[odb-users] Performance and another question
Adnan RIHAN
axel50397 at gmail.com
Tue Jun 2 04:56:53 EDT 2015
Hi Andrew,
I’m not yet working with intensive tasks, so I can’t provide you my personal experience.
However, I think the choice of a DB backend depends on what type of data you’re dealing with, their size, how often, concurrency and the usage of the project.
For example, if you’re making a simple Cash register app (as I’m on, currently), you’re dealing with simple little values (short strings and integers), multiple time a day, no concurrency (except if you have multiple cashiers) and the DB expanding linearly with time. I think sqlite is the best for this kind of project, it’s light, portable, and can handle a huge quantity of data. So maybe, you will never have to care about the database.
I can’t find another example for non in-process DB, but basically, if you need concurrency, caching, speed, huge complexity (constantly joining many many tables) and if you know the data will expand exponentially, then you’ll need a server. The server (apart from the ORM) is capable of expanding (Clustering/NAS/SAN/bigger disks), caching (if you’re joining a lot but accessing the same joins multiple times a day), and can be anywhere (accessed via network).

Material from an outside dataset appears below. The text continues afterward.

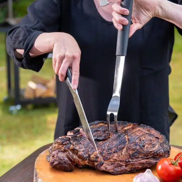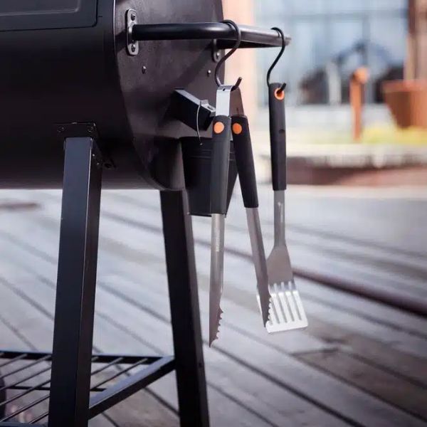 Mustang Grillausvälinesarja Basic on käytännöllinen perussetti grillaajalle. Sarja sisältää grillipihdit (40 cm), lastan (42 cm) ja haarukan (40 cm), kaikki ruostumattomasta teräksestä. Pitkät varret pitävät kädet sopivalla etäisyydellä kuumuudesta, ja välineet sopivat niin hiili‑, kaasu‑ kuin sähkögrilleillekin.

These are few details I think about for the choice of a type of backend. Then, I look around for some benchmarks to see which would be the best for my architecture. Sqlite is in-process, MySQL is a server but can also be loaded as an embedded server (http://www.mysql.com/oem/), and so on.
- SQLite, when to use: https://www.sqlite.org/whentouse.html
- MySQL, known enough
- MariaDB, comparison chart: https://mariadb.com/products/mariadb
- And then you have the NoSQL databases (plus DB like Oracle, SQL Server, ...), but I’ve never worked with them.
--
Cordialement, Adnan RIHAN.
Directeur-Gérant de Eolis-Software, société de services informatiques.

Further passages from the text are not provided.